Еще одно новшество придумал неуемный Шохов. От избушечки к месту будущего дома проложил деревянный, в две доски, скрепленные поперек, тротуарчик, им самим прозванный лавицей. А по этой лавице на тачке, тоже им смастеренной, стал он перевозить материал. А Петруху же, после разметки, попросил вырыть ямы для стульев. Петрухе вообще доставалась самая черновая, бездумная работа. Но он и не роптал. Он понимал, что со своей неуклюжестью в строительном деле на большее он никак претендовать не может. Тут Шохов — король (и свое доказал!), а он как бы подпасок.

После нескольких поездок Шохова в Новожилов, на склад, даже на лесосплавной участок стало окончательно ясно, что избняка добротного, ни кондового красного, ни полукрасного и никакого другого, даже прозванного (с брачком, значит), им не достать. Да и денежек не хватило. Решено было строить засыпуху. Но обвязку сделать из бруса, чтобы в перспективе можно было и стены заменить на рубленые. Шохов был верен себе.

А вот с кирпичом им прямо-таки подвезло. Его удалось достать по государственной цене, восемьдесят один рубль за тысячу, буквально вырвав из-под носа какого-то нерасторопного заказчика на базе. И хоть, по оценке Шохова, не очень добро был испечен тот кирпич, если по дороге рассыпался от одной тряски, все же лучше, чем ничего. А самому сейчас домашний заводик оборудовать рук бы не хватило.

Тракторист, который взялся перевезти кирпич, двадцатилетний, цыганского вида парень, содрал с Шохова втридорога, поясняя, что везти-то надо без дороги по снежной целине да к черту на кулички. Шохов и сам соображал, что не автодром тут, но поторговался для порядка и, на удивленье, что-то выторговал.

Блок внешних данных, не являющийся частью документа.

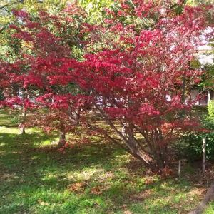我が家の紅葉スポット🍁 手前の赤はコマユミ 後ろは八重の柏葉アジサイです🍁 柏葉アジサイはもっと赤くなって欲しいけど もうはらはらと散りはじめています🍂
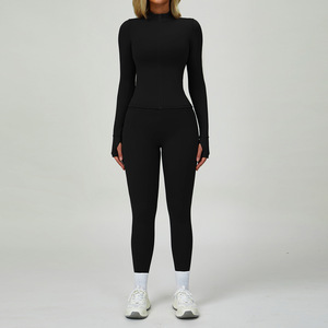 沢創裸感ヨガ服女性秋冬ファスナー長袖フィットネス服セット修身ランニングフィットネスウェア6116
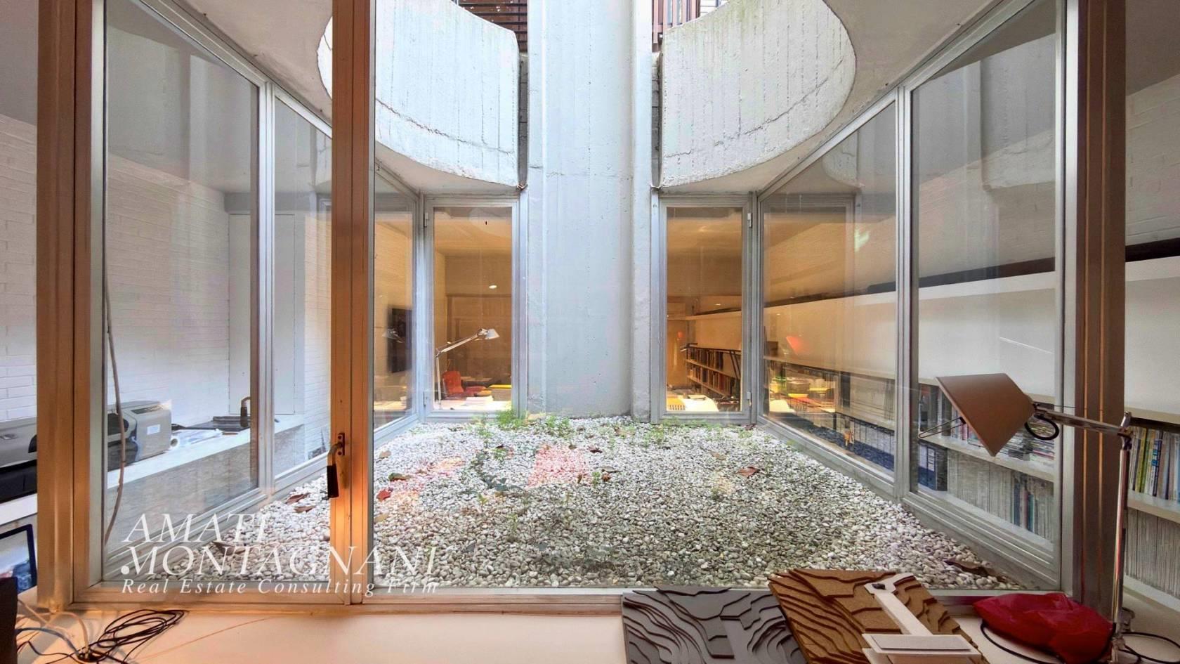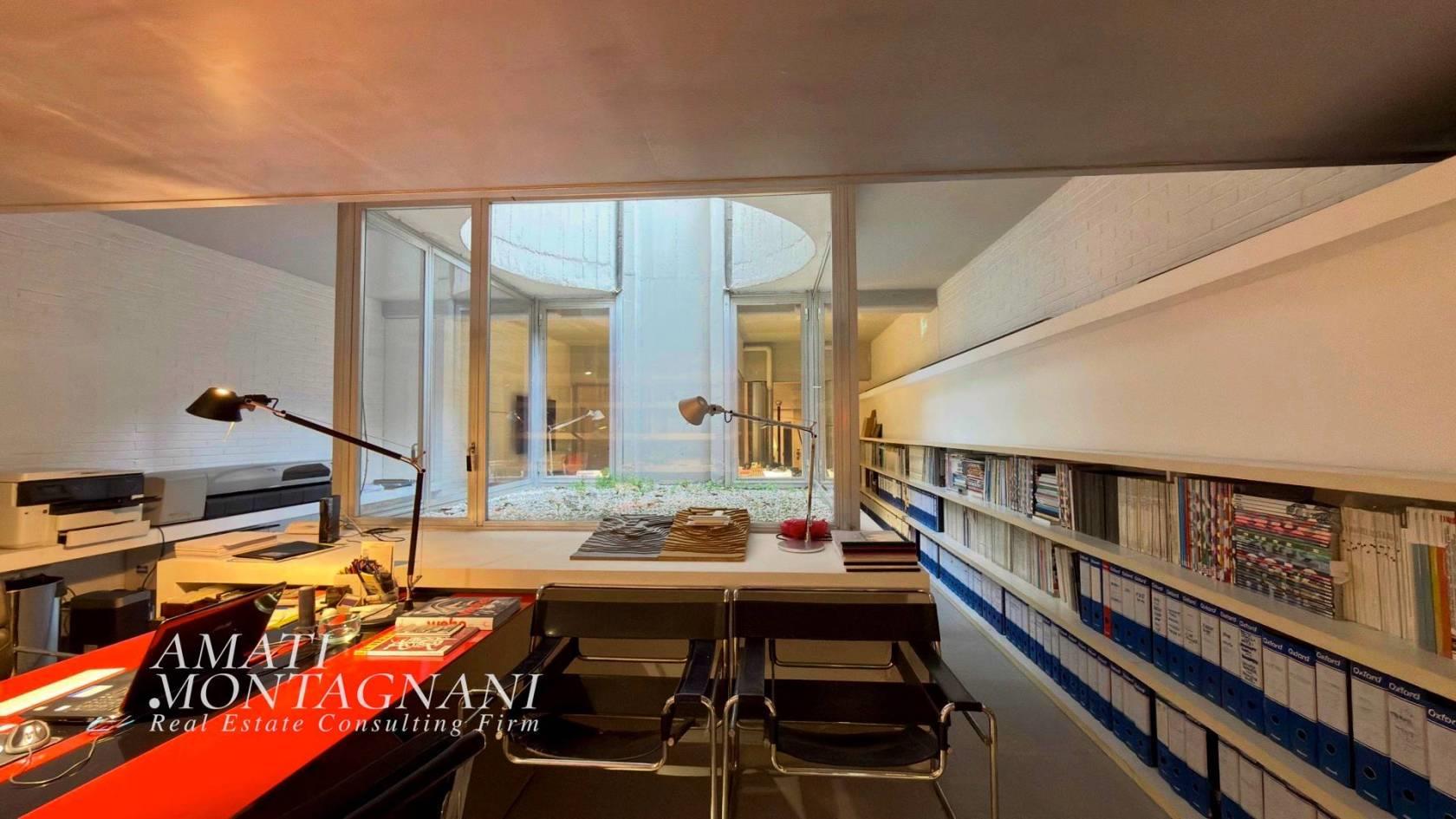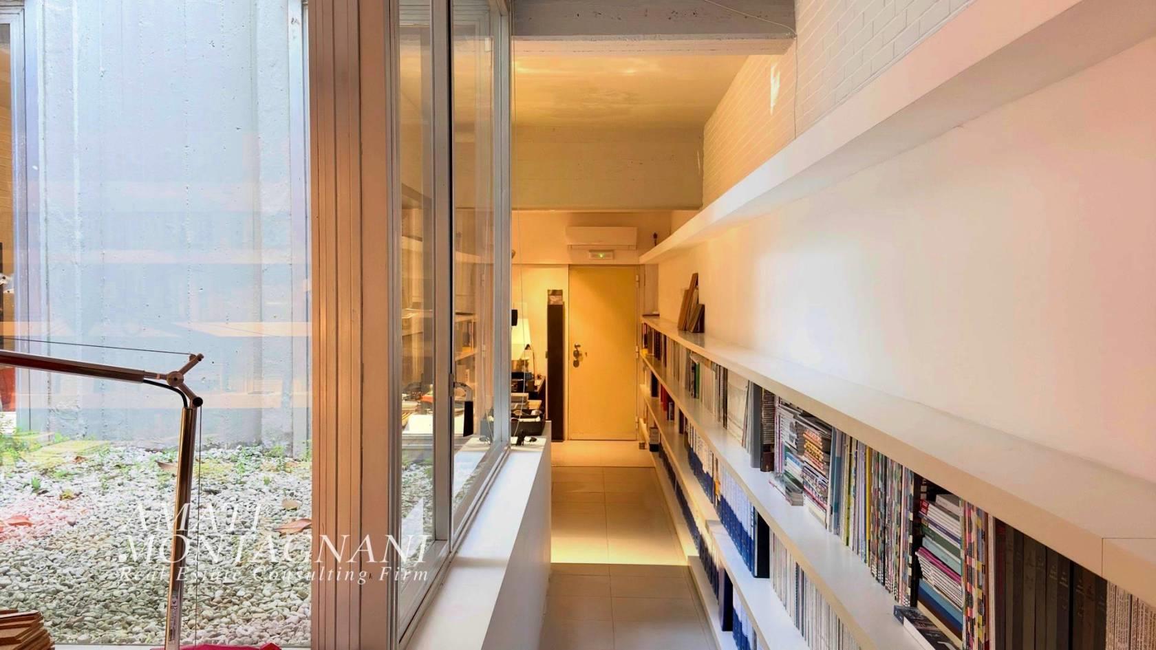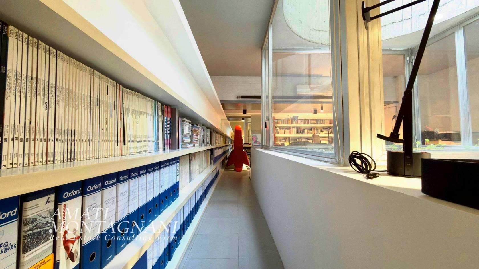 In Via Colli della Farnesina AMATIMONTAGNANI propone in vendita un delizioso loft, attualmente accatastato A/10 trasformabile in A/2, di ca. 94 Mq. posto al piano S1 di un elegante stabile brutalista degli anni 70.
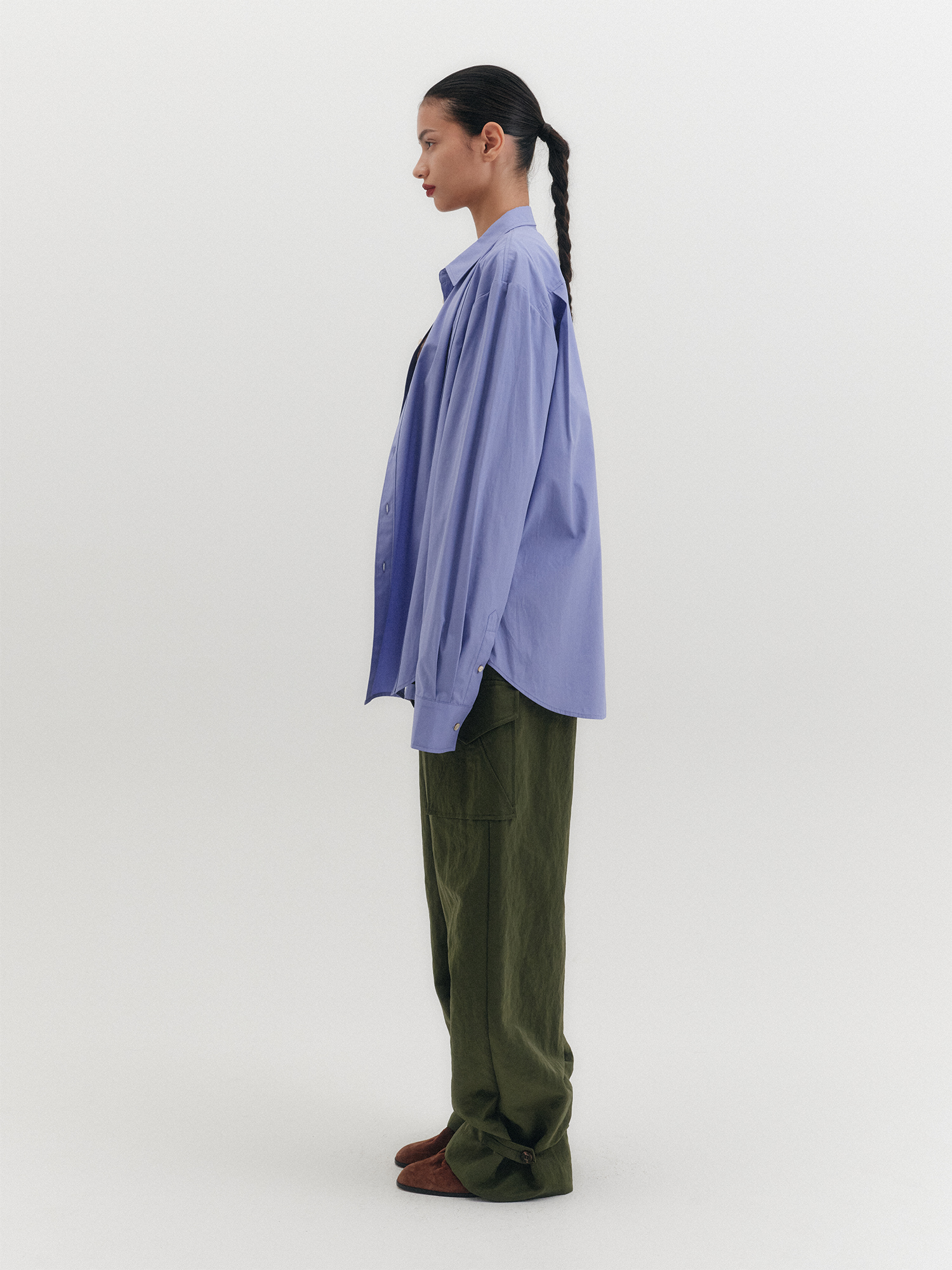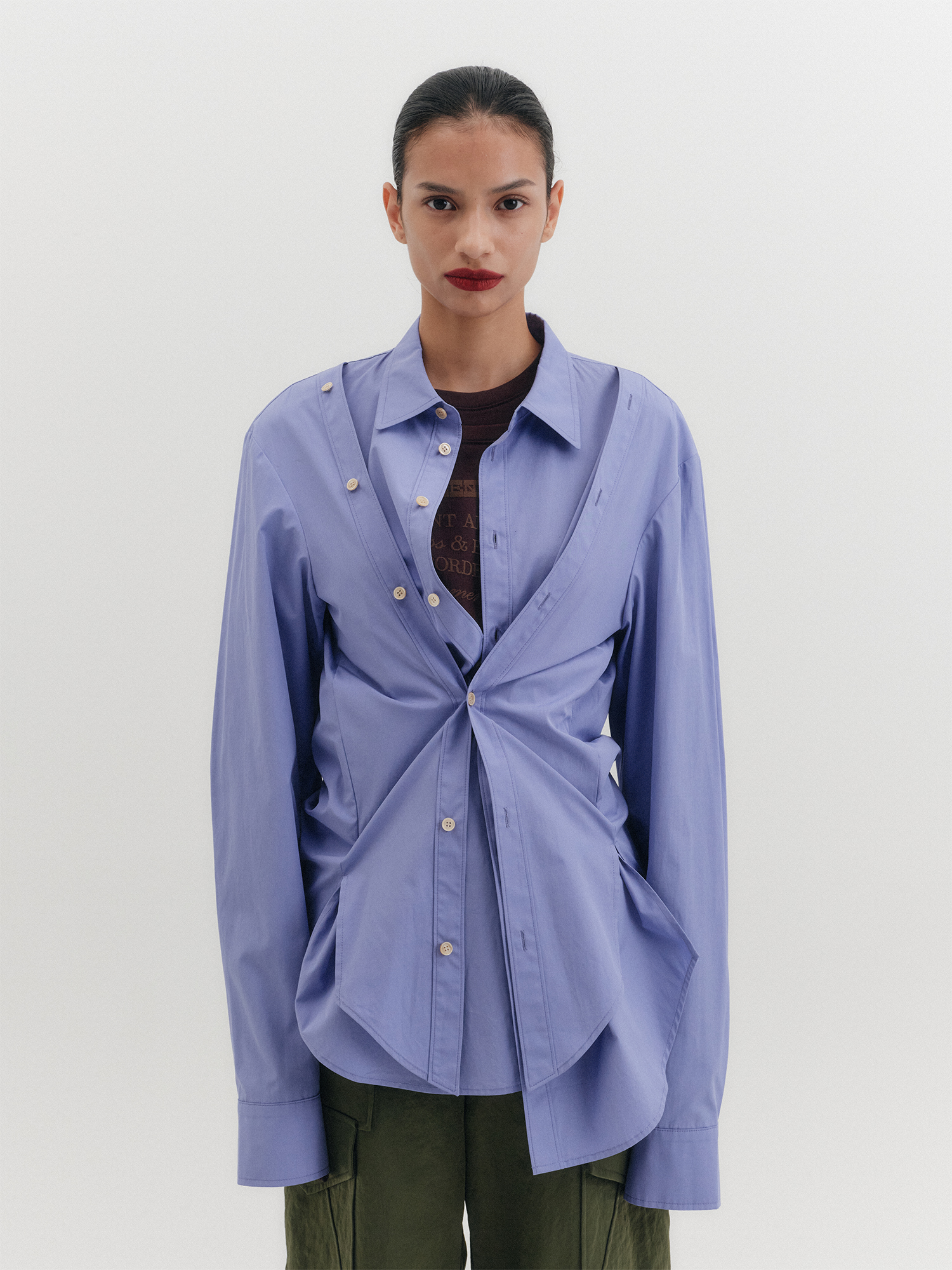 더블 버튼 트랜스포머블 셔츠 - 라벤더

Пока разгружался кирпич, шустрый тракторист внимательно прочитал дощечку, воткнутую неосмотрительно нашими друзьями. Смекнув, что здесь, за Вальчиком, заваривается необычное дело, походил по площадке, все время возвращаясь к дощечке и раздумчиво над ней посвистывая. Потом сел на свой трактор и, ни слова не сказав, укатил.

К вечеру того же дня он объявился снова. Опять же молчком вынул из кабины фанерку с колышком и воткнул ее метрах в двадцати от их участка. На фанерке чернильным карандашом наискось, чуть коряво, было написано: «МОЕ МЕСТО. САМОХИН ВАСЯ».

Надо сказать, что эта самозваная, самовольная, прямо-таки хамская фанерка вызвала в Шохове противоречивые чувства.

С одной стороны, стало понятно, что в одиночестве они не останутся. Стоило, как говорят, начать, а там пойдет. Но с другой — как-то было обидно, что вот приехал пацан, от горшка два вершка, и запросто, даже легкомысленно, без всяких там переживаний и раздумий, не посчитав за честь даже поговорить с ним, Шоховым, или для виду посоветоваться, словно на каком-то Клондайке застолбил себе участок.

Конечно, такое не могло не обидеть, даже разозлить чувствительного Шохова. Он тут же подошел к фанерке и на глазах новоявленного Васи Самохина выдернул ее и закинул в снег. В другой раз, мол, будешь знать, как самовольно здесь распоряжаться.

Закинул и встал, глядя впрямую на тракториста. И тот стоял, переводя задумчивый и вовсе не сердитый взгляд с того места, куда улетела фанерка, на разозленного Шохова и обратно. Он уже сообразил свою промашку и, кажется, был в некоторой растерянности, что же предпринять. Спорить ли, драться или кончить дело миром.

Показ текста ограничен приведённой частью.